Об этом Сашка узнал в свой зимний приезд в Смоленск…

…Пионерский лагерь, где он провел почти весь август, находился в сосновом бору, в сорока километрах от их города ниже по течению, возле деревни Беляево. Сашке не понравился режим, минутное купание в отгороженной сеткой реке, не понравилась ежевечерняя долгая перекличка возле флага, сопровождаемая беспощадными укусами комаров.

Понравился сухой, пронизанный солнцем и остро пахнущий смолой бор. Недалеко от лагерной территории, на берегу реки, в одну из самовольных отлучек (чтобы вдоволь накупаться) они с Витькой Заречным, с которым он подружился, нашли заросшие окопы (здесь наши солдаты в самом начале войны долго держали оборону и все до одного погибли, об этом им рассказал директор лагеря), облазили их, нарыли немало гильз и обязательно нашли бы еще что-нибудь более существенное, если бы не надо было делать это тайком и смена длилась бы дольше.

А еще ему понравилась пионервожатая Лика, она училась в педагогическом институте в Смоленске. У нее были веселые глаза и мелкие ямочки на щечках, когда она улыбалась. Лика выделяла его, позволяла нарушать режим и на прощальном костре увела за домики и учила целоваться. А еще она разрешила Сашке потрогать не вмещающиеся в ладони жгучие бугорки грудей, которые под его пальцами становились упругими…

Вернувшись из лагеря, Сашка вместе с Вовкой Коротким (он уже вернулся из Ярославля и заявлял, что Волга лучше их реки) хотел сходить на городские танцы, но тот его отговорил, объяснив, что одному или вдвоем лучше на той стороне не появляться и тем более девок заречных не приглашать, потому что небитым потом не уйдешь, и если уж идти, то вместе со взрослыми парнями. Но те все никак не могли собраться, и в конце концов желание перегорело.

Пару раз они сходили вдвоем на дадоновской лодке вверх до Ястребской головки на рыбалку, но поймали совсем мало. Потом Вовкин отец, вернувшись с заработков, взялся ремонтировать сарай и заставил Вовку ему помогать.

Катя тоже на лето куда-то уехала. Сашка каждый вечер прогуливался возле ее дома и однажды столкнулся с Беликовой: она за лето сильно изменилась, почти догнала его ростом (хотя еще весной была на полголовы ниже), грудь у нее стала оттопыриваться, а коричневые от загара ноги приобрели округлость. Но самое главное – в ее глазах появился странный блеск, а большие яркие губы теперь все время чему-то улыбались.

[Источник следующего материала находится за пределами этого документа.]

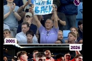 英超官方社媒曬出考文垂2001年、2026年的對(duì)比照片,對(duì)考文垂表示祝賀。2001年的照片中,考文垂球迷舉起的標(biāo)語(yǔ)寫著:“我們會(huì)回來(lái)的!”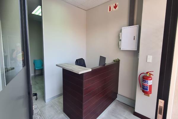 Neat upmarket office to let. This spacious neat and modern office is set in a quiet office block, close to the CBD and close to all major entrance roads. It has a reception area, board room and three offices. There is a bathroom and kitchen in the office.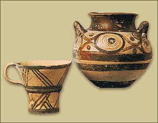 Αγγεία της Υστεροελλαδικής I περιόδου: κύπελλο τύπου Βαφειού (Ηλεία) και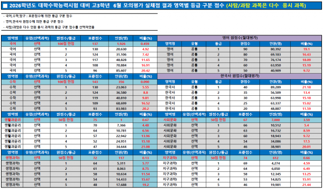 <2026학년도 대학수학능력시험 대비 고3학년 6월 모평 채점 결과 (축약본)>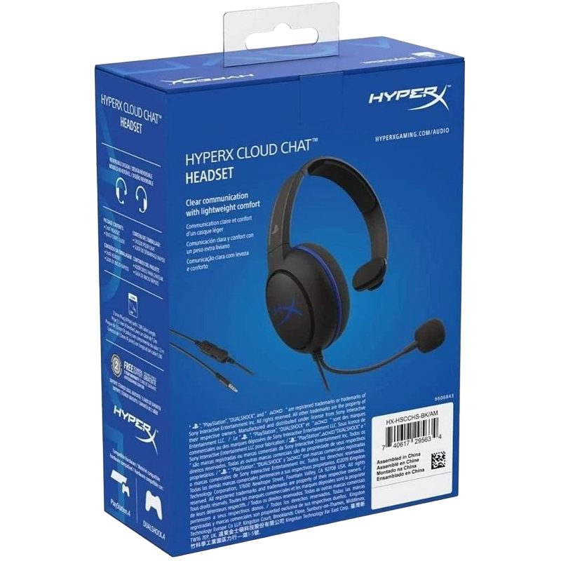 Игровая Гарнитура HyperX Cloud Chat PS4, Проводной аналоговый, Черный/Синий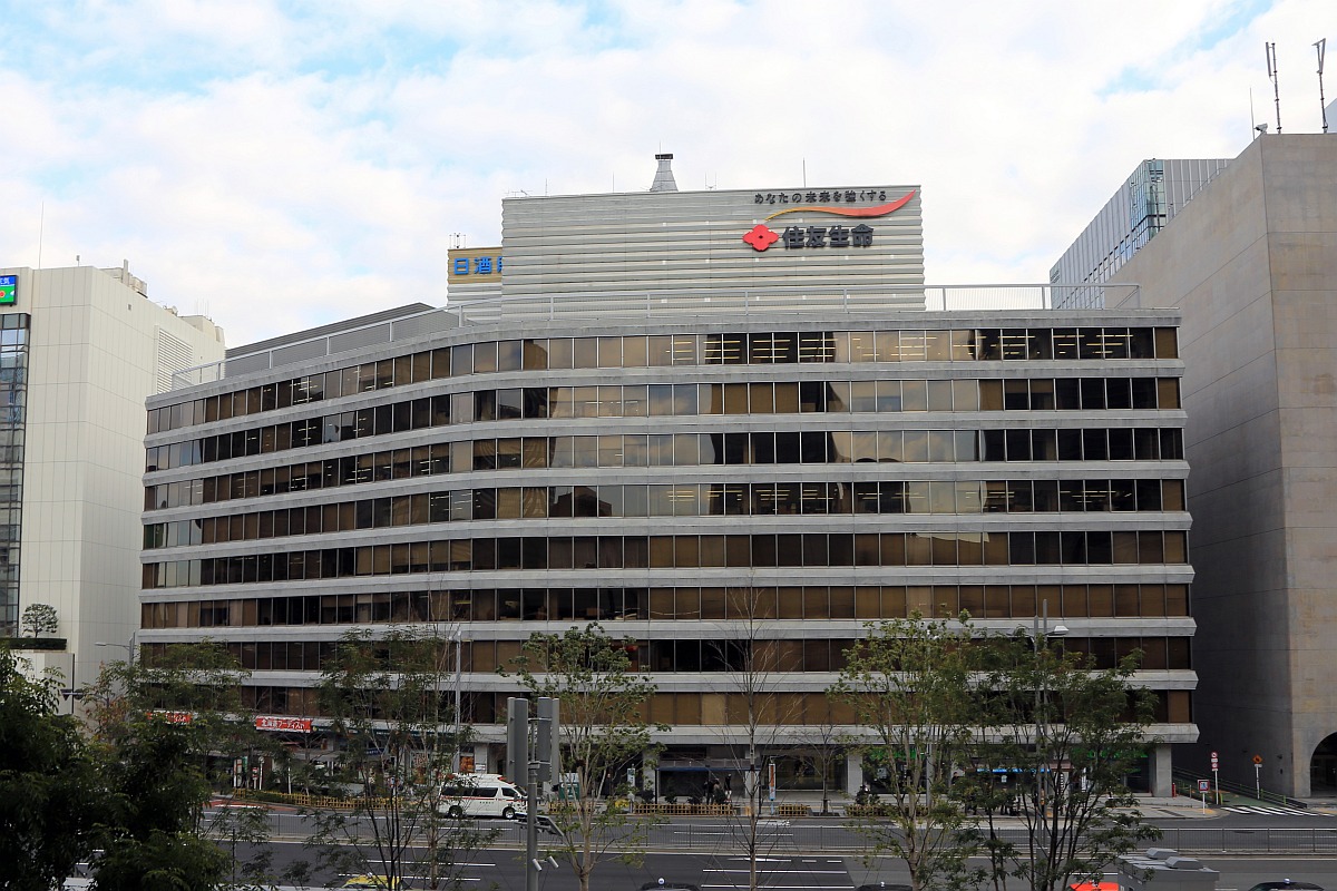 東京駅のグランルーフから撮影した「城東小学校」方面です。東京駅からはこの「住友生命八重洲ビル」が壁となって学校は見えません。そのためこの後ろに小学校があること自体を知らない人の方が多いのではないでしょうか?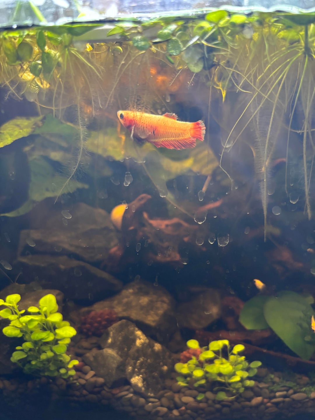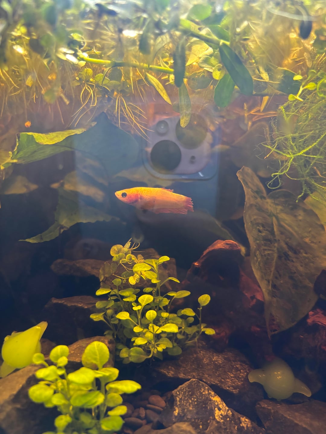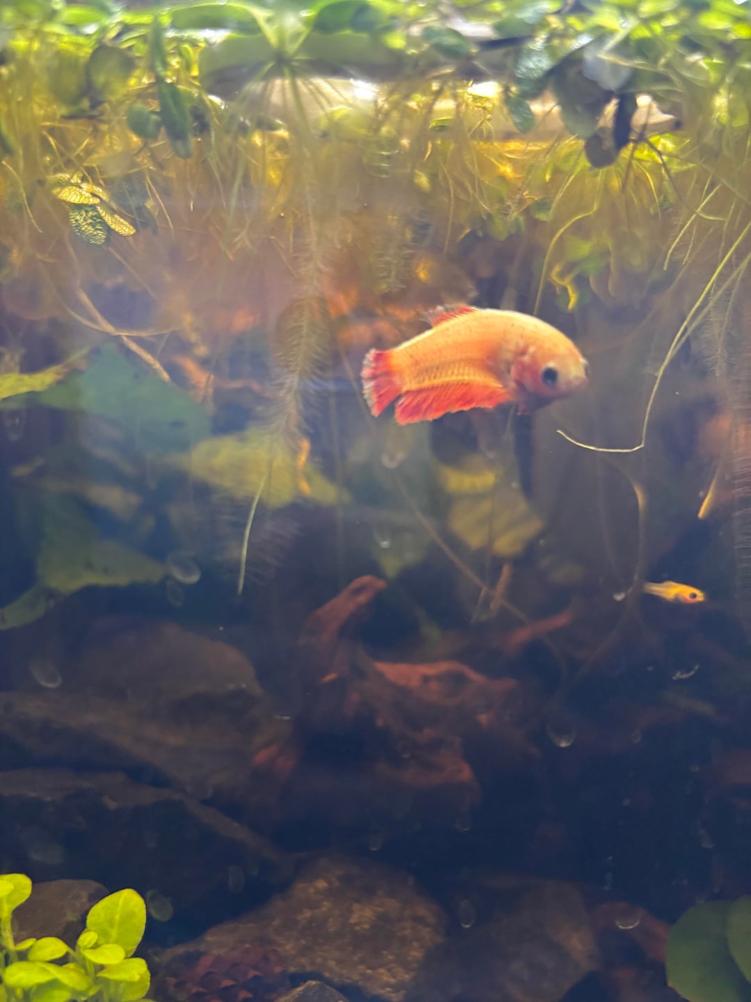 I got this little betta at a petco because the condition she was in, she was healthy just.. finless. Shes been treated with medicine to help with any fin damage and my hard work is starting to pay off ! I don’t know if her color will change much, but she does have quite a few flecks of blue now which i hope is a good sign.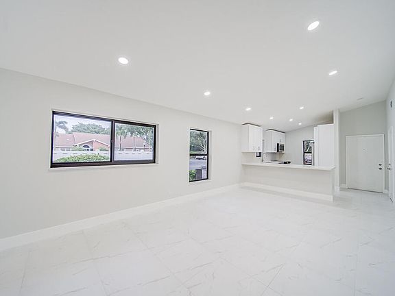 Welcome to this beautiful FULLY RENOVATED (2025) residence in the desirable Eastgate of Whisper Walk!. New impact windows and slider. New gourmet chef dream kitchen. New SS appliances. New large porcelain tile floors. New Carrier AC. New modern bathrooms. New water heater. New Interior and exterior paint. New roof!. This is a 2-bedroom, 2-bathroom, with air conditioned bonus room for office or 3rd bedroom, and a garage, stunning CORNER villa offers maximum light and great privacy with no front neighbors and lots of guest parking near!. Indoors, it features a spacious, open floor plan that gleams with natural light thanks to elevated ceilings and large hurricane impact windows and doors. As you step inside, you'll appreciate the bright and airy atmosphere created by freshly painted interiors and elegant recessed lighting The living area flows seamlessly into a modern kitchen, complete with stainless steel appliances, stylish quartz countertops, and abundant storage, including a pantry. The master bedroom suite offers a generous space, double closets, and an en-suite bathroom featuring a dual sink vanity with quartz countertops and a step-in shower. Additional highlights include a brand new washer and dryer conveniently located inside, as well as attic access for extra storage. A bonus room which can be use as office or 3rd bedroom if you prefer opens to a paved patio surrounded by a privacy fence and lush hedges, providing the perfect setting for relaxation and South Florida Weather. Living in this 55 plus community means enjoying an array of fantastic amenities, including multiple pools, a whirlpool, sauna, tennis and pickleball courts, shuffleboard, and a clubhouse equipped with game rooms, billiards, and a library. Don't miss your chance to make this stunning villa your new home in Whisper Walk!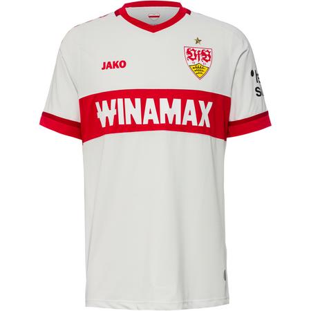 Teamtrikot des VfB Stuttgart; V-Ausschnitt; die Halbraglanärmel sorgen für optimale Bewegungsfreiheit; Marken-, Sponsoren- und Vereinsdetails auf der Front; Material 100% Polyester (recycelt). ...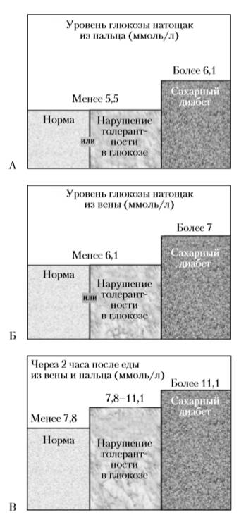 Рисунок 5. Диагностические критерии сахарного диабета. Уровень глюкозы (ммоль/л): А – натощак из пальца; Б – натощак из вены; В – через 2 часа после еды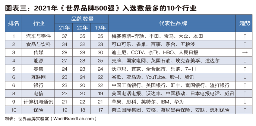图:2021年《世界品牌500强》入选数最多的是个行业

Беликова встрече обрадовалась, сообщила, что Катя еще не приехала из Подмосковья (у нее там родня по отцовской линии), рассказала, что все лето провела с отцом, ездила с ним и в Псков, и в Новгород, помогала восстанавливать старые картины и теперь знает, куда пойдет после школы учиться, и вообще было так интересно, с ними ездили студенты-практиканты, будущие художники, очень талантливые, веселые… А почему он такой грустный?.. Плохо отдохнул?..

Ну почему, в пионерлагере тоже можно отдохнуть, хотя, конечно, режим, дисциплина – занудно, другое дело вот так, как она: новые города, встречи…

– Не торопишься?..

И тут же подцепила его под руку (раньше она так никогда не делала и он никого так не держал), повела к берегу, продолжая рассказывать, как это сложно – восстановить старую картину, на которой ничего разглядеть невозможно, какое должно быть внимание, терпение…

– А я зато с пионервожатой целовался, – вдруг выпалил Сашка.

Беликова придержала шаг, убрала руку, отстранилась, вызывающе глядя на него, то ли оценивая, то ли показывая себя, уверенная, что неплохо выглядит в белоснежной кофте, короткой черной юбке (из-под которой под порывами ветра выглядывали белые трусики), выставив вперед правую ногу, словно демонстрируя аккуратные белые, почти взрослые туфельки…

– С пионервожатой?.. Подумаешь… В меня один художник взрослый влюбился…

– А я целовался…

– А он меня на руках носил…

– Потому что ты легкая, – неожиданно заявил Сашка, чувствуя волнение и противоречивое желание.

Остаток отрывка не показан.